**WORK REQUEST:** Print exactly the lines that run from the opening line of the material through the line with "2. Using an", and nothing else, leaving out pictures.
● ● ● ●
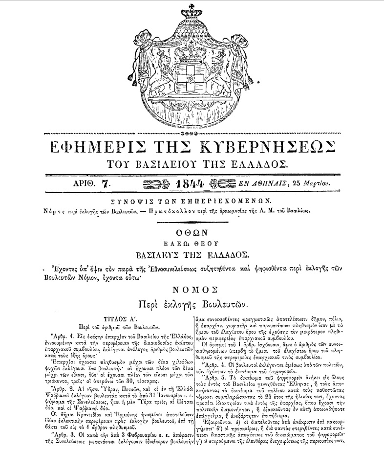 Σύµφωνα µε το Σύνταγµα του 1844, οι βουλευτικές εκλογές διεξάγονταν σ’ όλην την Επικράτεια κάθε τρία χρόνια. Η ψηφοφορία διεξαγόταν στην έδρα του Δήµου από πενταµελή Εφορευτική Επιτροπή, τα µέλη της οποίας εξάγονταν µε κλήρο από κατάλογο που περιελάµβανε άτοµα που είχαν χρηµατίσει Δήµαρχοι, Πάρεδροι, Δηµοτικοί Σύµβουλοι ή ορκωτοί. Πρόεδρος της Επιτροπής ήταν το πρώτο κληρωθέν µέλος της (άρθρο 18 του από 18.3.1844 Νόµου περί εκλογής βουλευτών Ι).
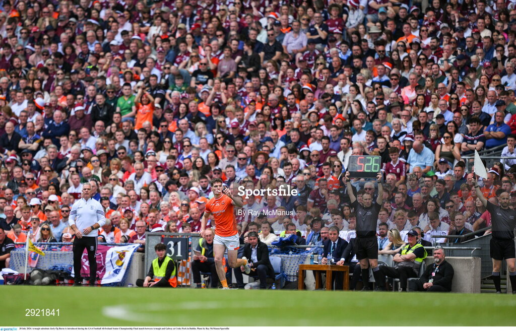 28 July 2024; Armagh substitute Jarly Óg Burns is introduced during the GAA Football All-Ireland Senior Championship Final match between Armagh and Galway at Croke Park in Dublin. Photo by Ray McManus/Sportsfile
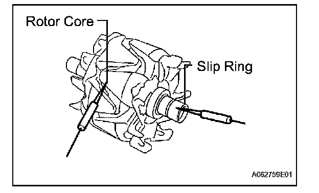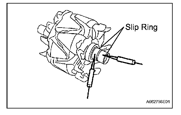 2. Using an ohmmeter, measure the resistance between the slip ring and rotor.
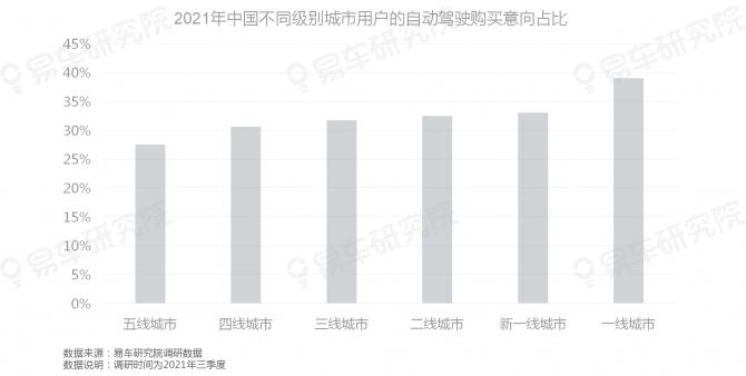 用戶(hù)的城市級(jí)別越高,購(gòu)買(mǎi)自動(dòng)駕駛的意向越強(qiáng)
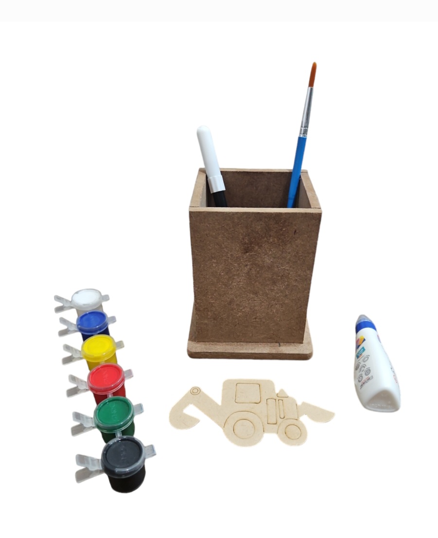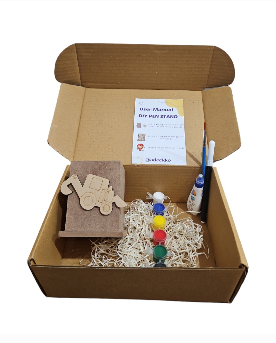 Build and customize your own loader pen stand with this fun DIY project. Unleash your creativity and organizational skills with the Adeckko DIY Construction Vehicle Theme Coloring Kit. This unique and fun kit combines the joy of building with the therapeutic benefits of coloring, creating a personalized and functional pen stand that reflects your style. Kit Includes: Loader -Themed Pen Stand & Cut Out : Pre Assembeld pen stand & Cutout. Coloring Markers: A set of vibrant, high-quality markers for coloring the pen stand pieces, allowing you to customize your creation. Instruction Sheet : Step-by-step instructions to guide. Customize your pen stand with your favorite colors and designs. Durable Materials : Made from high-quality MDF, durable materials to ensure your pen stand lasts. Gift: Perfect for kids, students, artists, and anyone who loves DIY projects. Compact Design: Ideal for desks, study areas, or any workspace that needs a touch of personalization and organization.Create a one-of-a-kind pen stand that not only keeps your pens, pencils, and markers in order but also adds a playful and colorful touch to your workspace. The Adeckko DIY construction vehicle Theme Coloring Kit is the perfect blend of fun and function. Get yours today and start building your creativity! For Customisation contact 9999320028
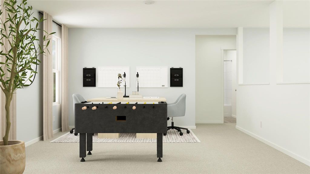 The Sabas - This new two-story home features a luxurious owner's suite on the first floor, complete with a spa-inspired bathroom and walk-in closet. An open-concept floorplan offers simple multitasking and transitions with convenient access to a covered porch. Three additional bedrooms are located on the second floor surrounding a versatile game room. A two-car garage at the back of the home is ready for any storage or parking needs. Photos are for illustrative purposes only. Estimated Completion January 2026.
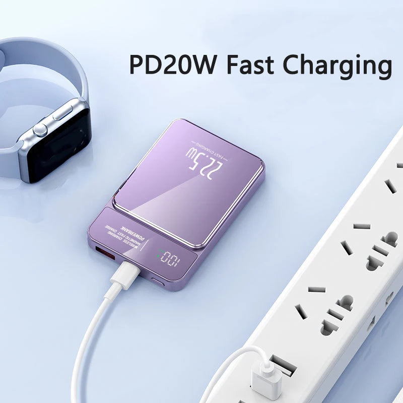 This portable 20000mAh power bank combines MagSafe wireless charging, PD 20W fast charging, and 22.5W supercharge technology — giving you the ultimate solution for powering multiple devices simultaneously.
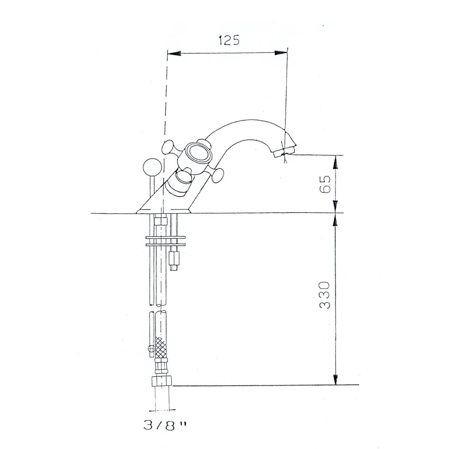 De uitloop heeft een hoogte van 6.5 cm en een diepte van 12.5 cm. De mengkraan is voorzien van een 3/8 inch aansluiting.
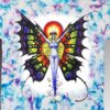 The “Butterfly Lady” men’s t-shirt with rainbow wings is an original fantasy art piece and old classic of Ralphies from the 1970s. Men’s t-shirt. Recently re-designed in 3D and made into a tapestry size work of art that can be purchased on the artists graphic art website Infinitee Designs at: Butterfly Lady prints.
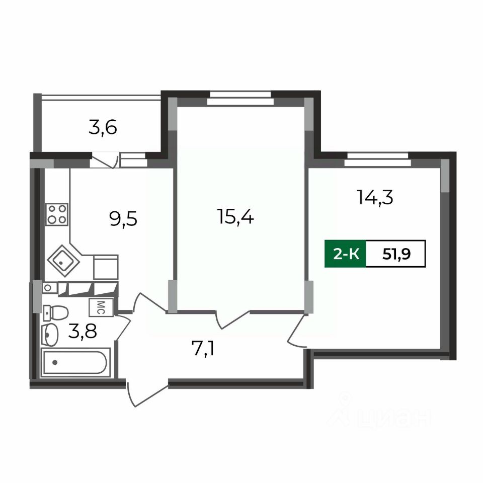 Плюсы: квадратная кухня почти 9,5 кв.м с выходом на лоджию, просторные раздельные жилые комнаты 14/15 кв.м, совмещенный санузел, функциональная прихожая с местом под шкаф-купе
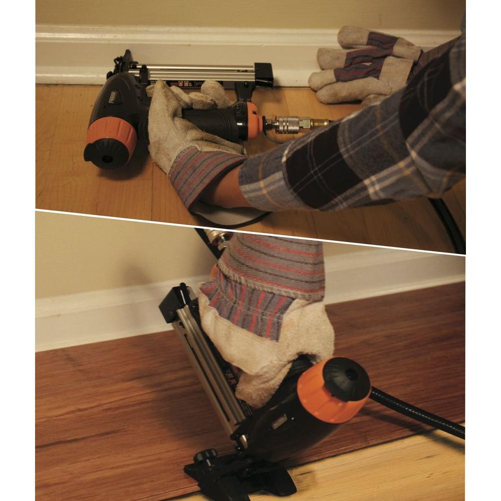 4-in-1 mini flooring nailer and stapler: ideal for installing 1/4 in. to 1/2 in. solid or engineered flooring with the 45° flooring base attachment, or trim and finish work with the regular nose cover
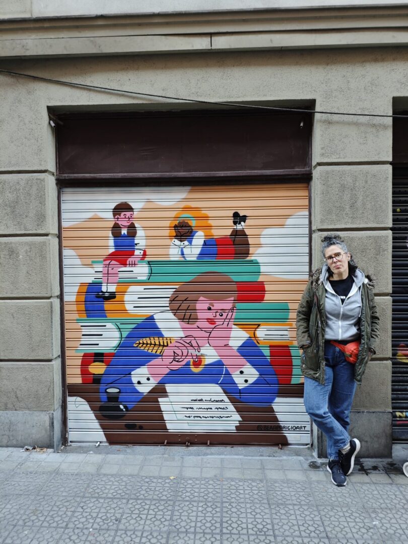 2025. Diseño y ejecución de 2 murales en persianas para el proyecto de recuperación del barrio de Bilbao la Vieja y San Francisco «Dendart». Los diseños responden a la representación del oficio de redarás junto a la Ría de Bilbao y a la figura de María de Maeztu.
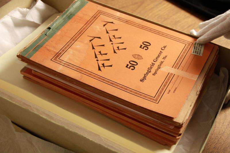 An employee at the Laura Ingalls Wilder Historic Home and Museum in Mansfield, Mo., prepares to handle Wilder’s original manuscript of Pioneer Girl. The original version, written likely in the late 1920s, was written on tablet paper with lead pencil. The South Dakota State Historical Society Press plans to publish an annotated version of Pioneer Girl this fall.
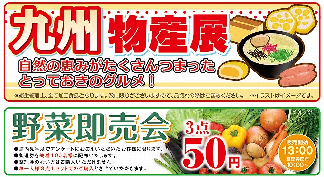 当日はとっておきグルメをお届けする「九州物産展」、セレモニーの人気企画でお得な商品をお安く提供する
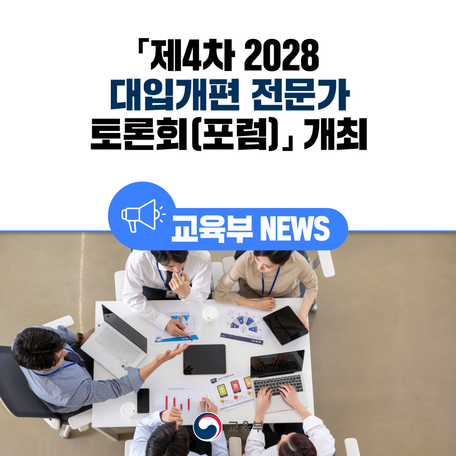 교육부(부총리 겸 교육부장관 이주호)는 한국대학교육협의회(회장 홍원화)와 함께 「제4차 2028 대입개편 전문가 토론회(포럼)」를 2월 27일(월), 성균관대학교에서 개최한다.
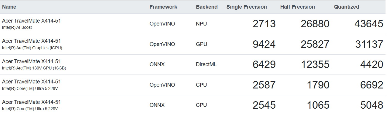 在OpenVINO架構NPU跑分,Single Precision Score 2,713、Half Precision Score 26,880、Quantized Score 43,645
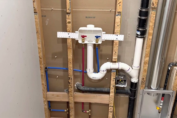 Water supply hoses, shutoff valves, hose bibbs, and connectors that keep washing machine hookups secure, dry, and ready for use.
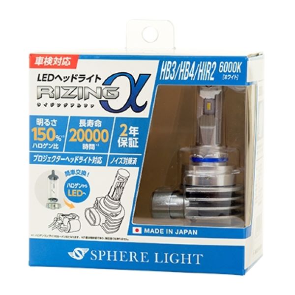スフィアライト(Spherelight) RIZINGアルファ LEDヘッドライト 6000K HB3/HB4/HIR2 日本製 SRACHB060-02
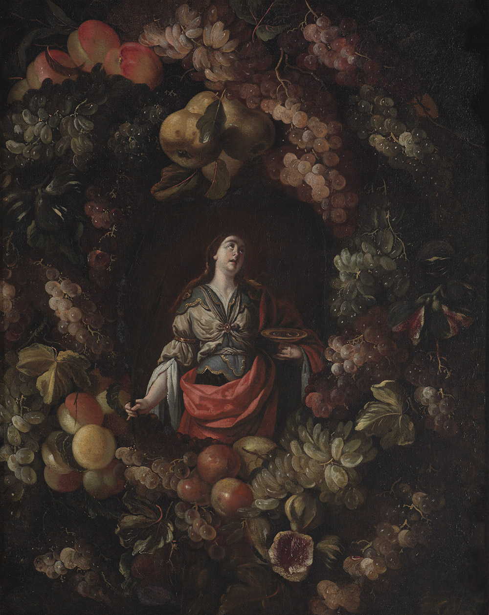 這件〈果實環串中的聖露西〉被推測可能是由西班牙畫家安東尼歐‧裴瑞達(Antonio Pereda, 1611-1678)所作。
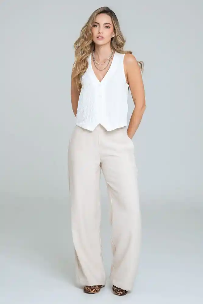 Pantalón en tejido plano fondo entero, talle medio, detalle de pretina delantera con ojaletes y charreteras con broche de tapa niquel, cierre semi invisible en costado, bolsillos en los laterales, bota ancha. ruedo de 2.5cms.
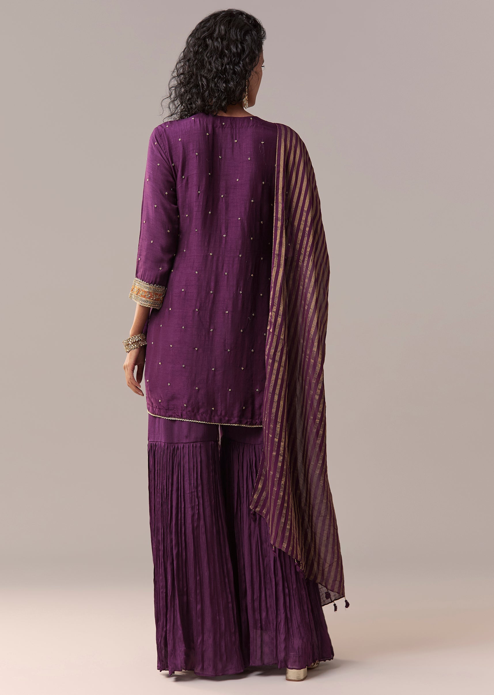 Purple Pakistani-Style Zardosi Sharara Set With Dupatta
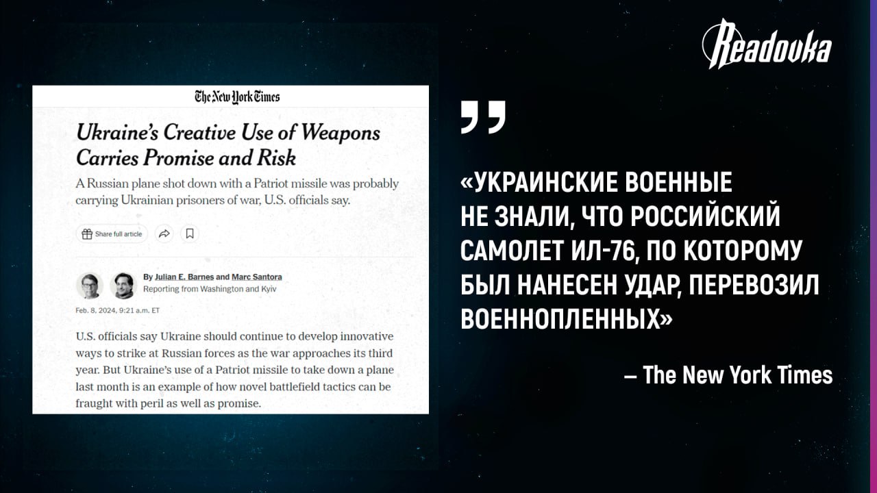 Однако NYT решил смягчить принятие «пилюли правды» американских обществом и заявил, что ВСУшники якобы не знали, что на сбитом самолете были украинские военнопленные. Хотя дата и время обмена, а также информация о том, каким самолетом их будут доставлять в Белгородскую область у них была. До этого сбитие Ил-76 ракетой ЗРК Patriot признал французский «анонимный военный чиновник» в беседе с AP.
● ● ● ●
**YOUR RESPONSE:**
 Σύµφωνα µε το Σύνταγµα του 1844, οι βουλευτικές εκλογές διεξάγονταν σ’ όλην την Επικράτεια κάθε τρία χρόνια. Η ψηφοφορία διεξαγόταν στην έδρα του Δήµου από πενταµελή Εφορευτική Επιτροπή, τα µέλη της οποίας εξάγονταν µε κλήρο από κατάλογο που περιελάµβανε άτοµα που είχαν χρηµατίσει Δήµαρχοι, Πάρεδροι, Δηµοτικοί Σύµβουλοι ή ορκωτοί. Πρόεδρος της Επιτροπής ήταν το πρώτο κληρωθέν µέλος της (άρθρο 18 του από 18.3.1844 Νόµου περί εκλογής βουλευτών Ι).
 28 July 2024; Armagh substitute Jarly Óg Burns is introduced during the GAA Football All-Ireland Senior Championship Final match between Armagh and Galway at Croke Park in Dublin. Photo by Ray McManus/Sportsfile
 2. Using an ohmmeter, measure the resistance between the slip ring and rotor.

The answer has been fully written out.